Dogs can sniff out a person with skin cancer -- and so might an "electronic nose," Monell Chemical Senses researchers say.

Skin cancer has a distinct "odor profile," report Michelle Gallagher, PhD, George Preti, PhD, and colleagues.

The skin gives off organic chemicals, many of which have a distinctive odor. Gallagher and colleagues sampled the air above patients' skin tumor sites and compared it to the air above similar skin sites from healthy people.

The chemicals were the same, but tumors gave off different amounts than normal skin.

"We're the first to identify and quantify the compounds involved in skin cancer odors," Gallagher says in a news release.

The researchers hope their findings will allow them to use an electronic nose -- a nanosensor that can detect tiny quantities of volatile compounds -- to detect skin cancers. Gallagher says the device would work like the fictional "tricorder" in the Star Trek TV series, which would beep when waved over skin cancer.

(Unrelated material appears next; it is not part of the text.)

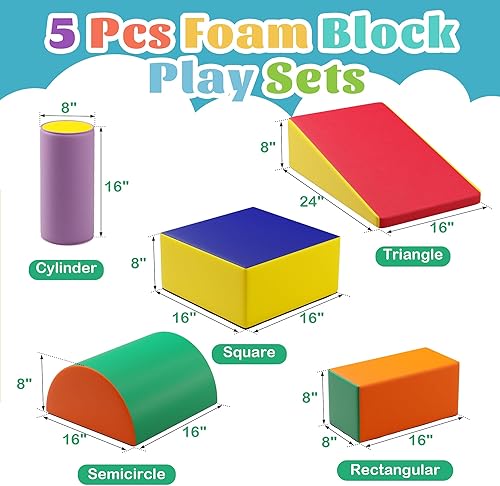 Versatile 5-Piece Set: Toddler climbing blocks complete set includes ramp, column, hoop, cube and ladder. Assembled dimensions: 46"L x 30"W x 8"H. Create multiple configurations to enhance crawling skills

So far, the researchers have developed an odor profile only for basal cell carcinoma. They're working on profiles for the more serious squamous cell cancer and for melanoma, the deadliest form of skin cancer.

It would be a big advance. Currently, diagnosis of skin cancer requires an often-painful biopsy. And there's no way to detect these tumors until physical signs appear.

Gallagher, now a senior scientist at Rohm and Haas in Philadelphia, reported the findings at the 236th annual meeting of the American Chemical Society, held Aug. 17-21 in Philadelphia.